Дорогой бабушка рассказала мне, что чехи купили участок у своего земляка Питера Крайека, и взял он с них втридорога. Еще живя на родине, они заключили сделку с Крайеком через его двоюродного брата, который приходился родственником и миссис Шимерде. Шимерды были первыми поселенцами-чехами в нашей округе. Только Крайек мог быть им переводчиком, а переводил он как хотел. Они совсем не знали английского, не могли ни совета спросить, ни объяснить, в чем нуждаются. Фукс сказал, что один их сын, уже взрослый и сильный, сможет работать в поле, а вот отец старый, немощный и в земледелии ничего не смыслит. У себя дома он был ткачом, слыл большим искусником по части гобеленов и обивочных тканей. Он привез с собой скрипку, но здесь от нее будет мало проку, хотя в Чехии он прирабатывал, играя на ней.

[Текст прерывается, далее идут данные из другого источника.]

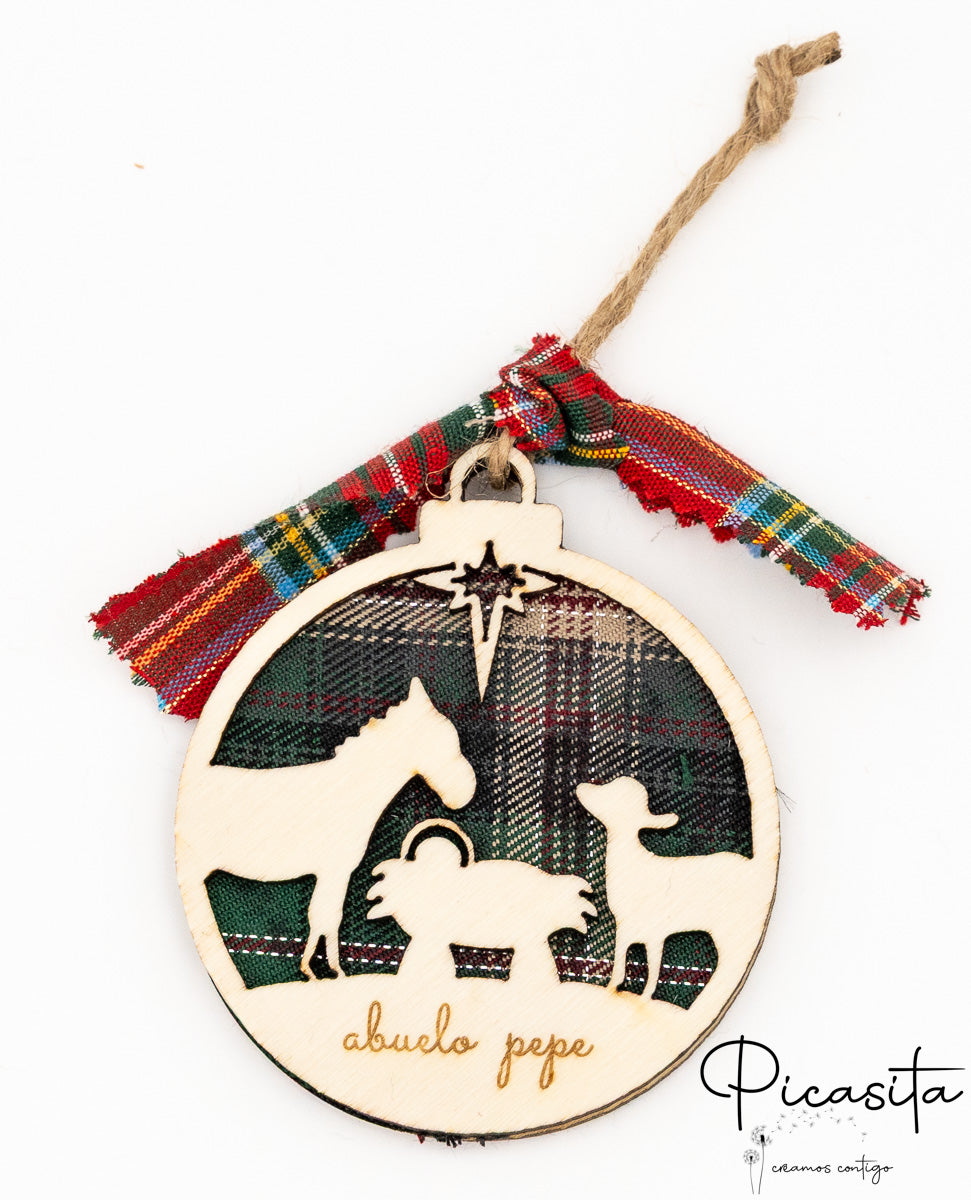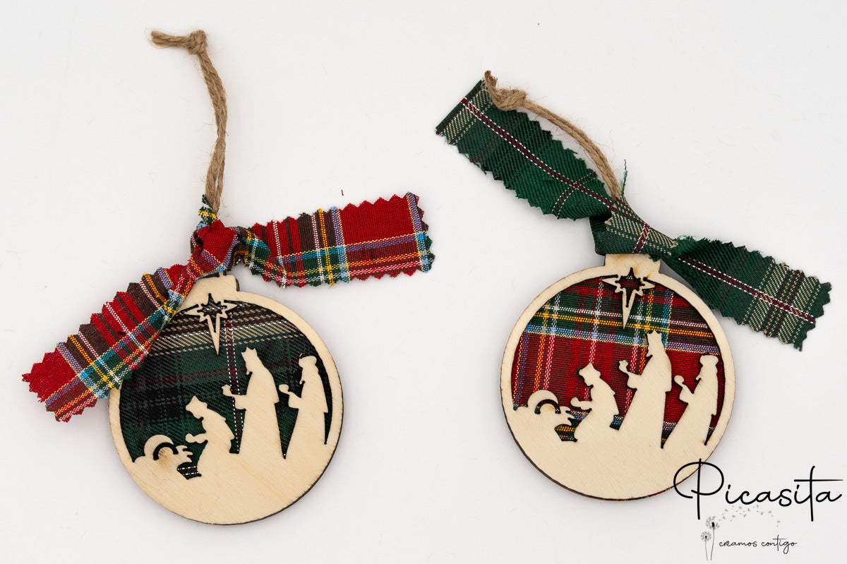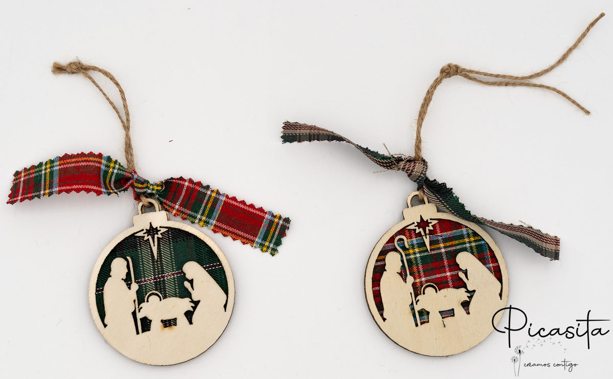 Por otro lado, para quienes prefieren la ternura y la humildad del nacimiento de Jesús, nuestras bolas de navidad del portal de belen son una elección inmejorable. Representando la Sagrada Familia en el pesebre, con la estrella de Belén brillando sobre ellos, estas bolas transmiten un mensaje de paz y amor. La delicadeza de las siluetas sobre el fondo de tela plaid crea una imagen conmovedora que invita a la reflexión y a la gratitud. Ambas opciones están diseñadas para ser un recordatorio constante de los valores y la belleza de la Navidad.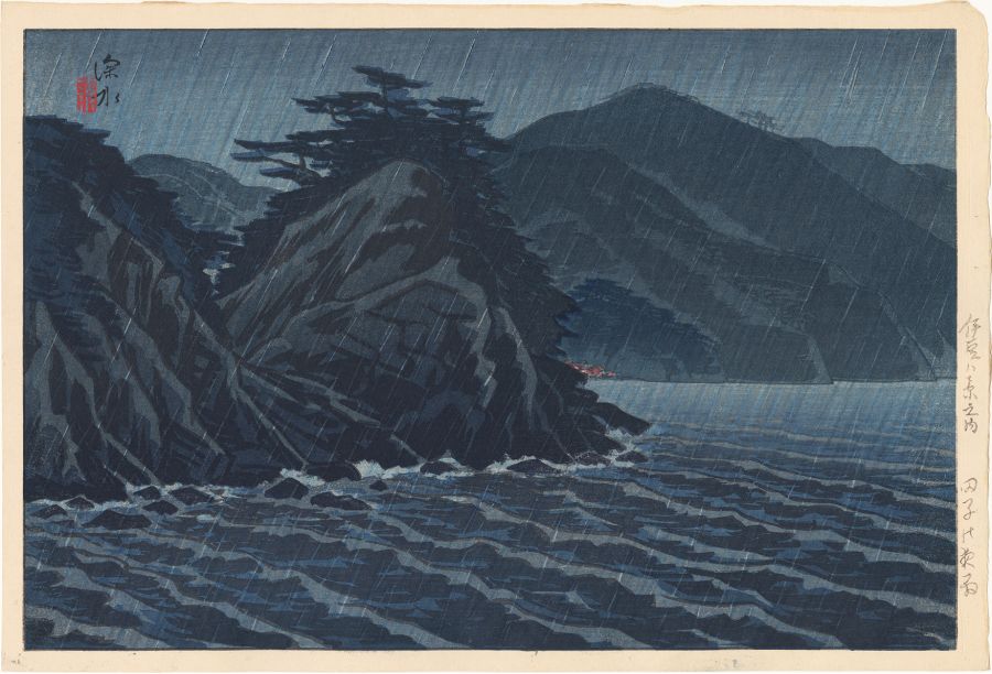 It is a dark and stormy night, the only sign of humanity a small town that is glimpsed as faint lights on the distant shore. Rain falls in grey and white diagonal streaks, and all colors have been muted due to the decreasing daylight. Today there is a beach called Tago-Sebama, and it does feature this steep, rocky terrain topped with pine trees. Tago is located in the area in Nishiizu, which is on the western coast of the Izu Peninsula, a treasured nature area about three hours south of Tokyo. It includes the Izu Peninsula Geopark, designated a UNESCO Global Geopark in 2018. The round Watanabe seal is lower left. This may be considered a first edition, as all museum examples as well as the catalogue raisonné work have this round Watanabe seal.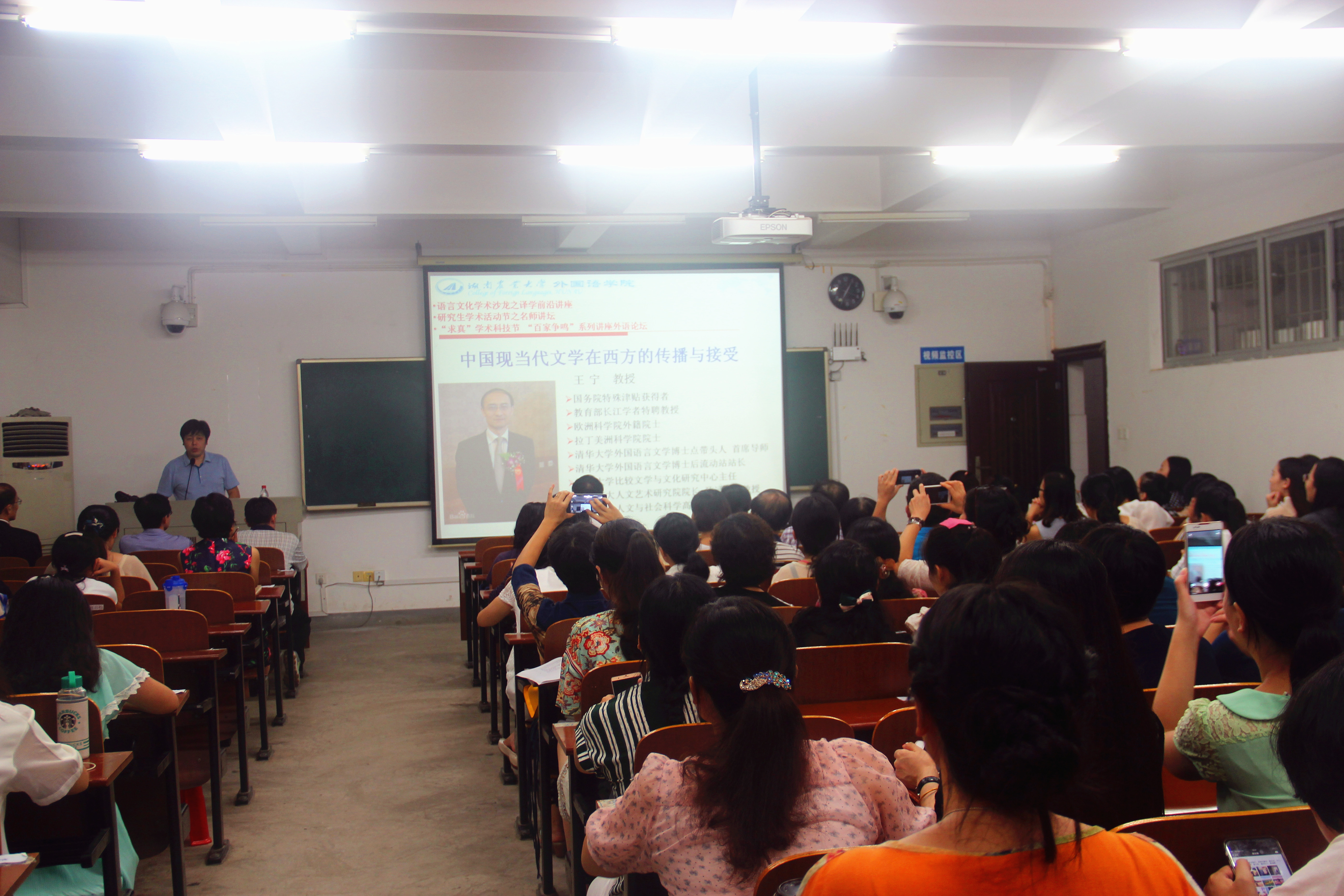 9月24日晚,外国语学院“语言文化学术沙龙”学术前沿讲座、研究生学术活动节名师讲坛以及“求真”大学生学术科技节之“百家争鸣”系列学术科技讲座特邀教育部“长江学者”特聘教授、国务院特殊津贴专家,欧洲科学院外籍院士,清华大学外国语言文学博士点首席导师、比较文学与文化研究中心主任王宁教授来校讲学,讲座主题为“中国现当代文学在西方的传播与接受”。学院院长胡东平教授主持了本次讲座。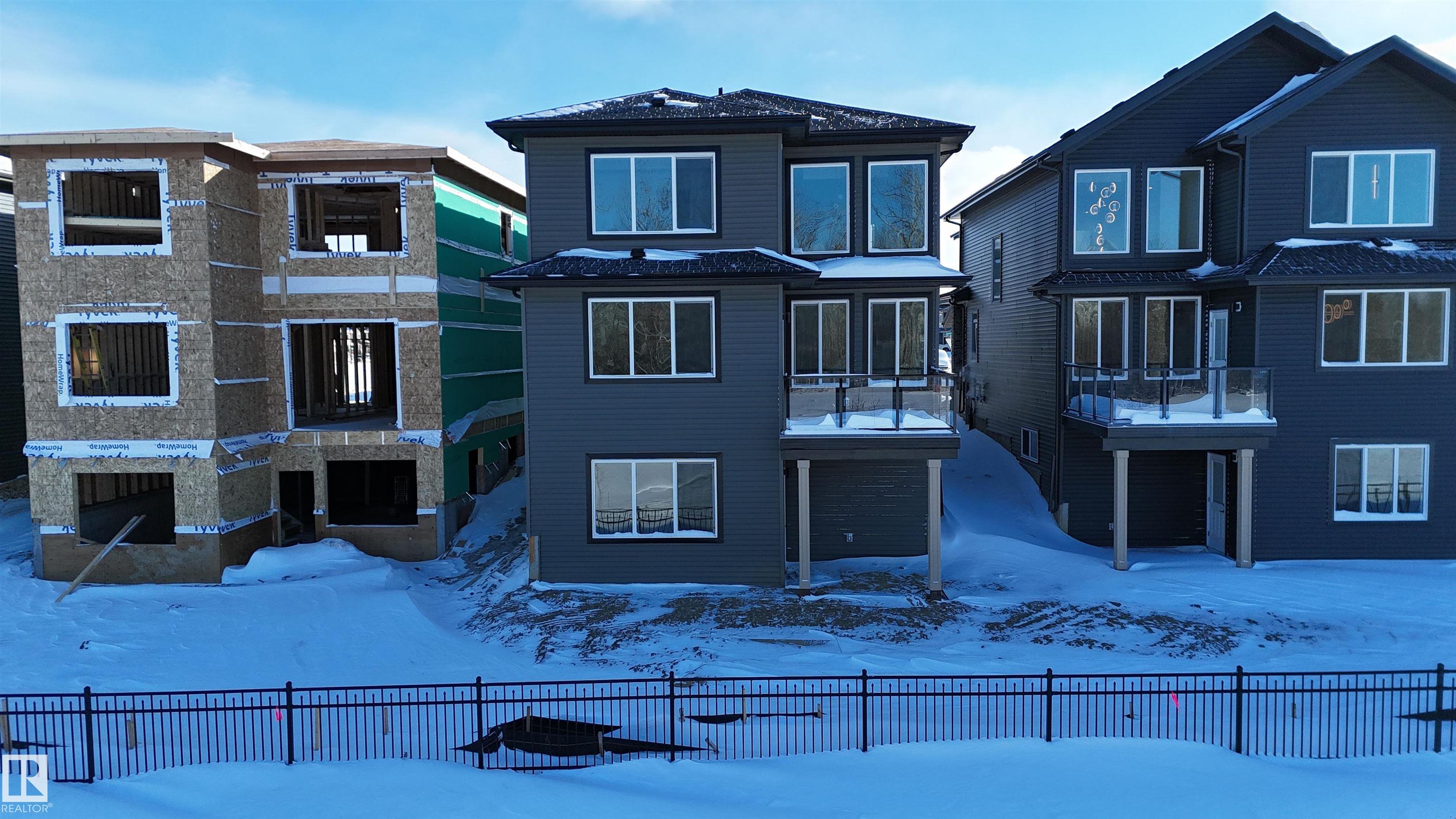 BRAND NEW Quick Possession 2 Storey home in the vibrant community of FENWYCK, backing onto greenspace w/pond & walking trails. Enjoy west-facing views w/no rear neighbors. Home offers elegance & luxury throughout, complete w/oversized 20x27 double attached garage (trucks & SUVs) w/floor drain, 9’ ceilings on the main flr, vinyl flring, upgraded lighting & triple pane windows. The living room is a true showcase w/soaring 18’ ceilings, expansive windows & an elegant gas fireplace centerpiece. Stylish kitchen includes quartz countertops, built-in hood fan & walk-through pantry. A main flr den adds flexibility for a home office. Iron railing & staircase lighting enhance the modern design. Upstairs features a spacious bonus room, upper laundry, custom closet shelving & a luxurious ensuite w/large format tile, glass & tile shower, soaker tub & private water closet. Maintenance-free dura deck w/glass & aluminum railing. WALKOUT basement is ready for development, offering additional space for your growing family

- Если они приличные люди, жаль мне их, - сказала бабушка, - зимой в этой дыре у Крайека им туго придется. Даже землянкой ее не назовешь, барсучья нора и та лучше. Говорят, Крайек навязал им за двадцать долларов старую плиту, а она и десяти не стоит.
- Так оно и есть, мэм, - подхватил Отто. - Да еще всучил им в придачу своего быка и двух старых кляч и содрал как за хорошую упряжку. Я бы их предупредил насчет лошадей, старик немного понимает по-немецки, да все равно толку не будет. Чехи сроду не доверяли австрийцам.
Бабушка с любопытством посмотрела на него:
- Почему же?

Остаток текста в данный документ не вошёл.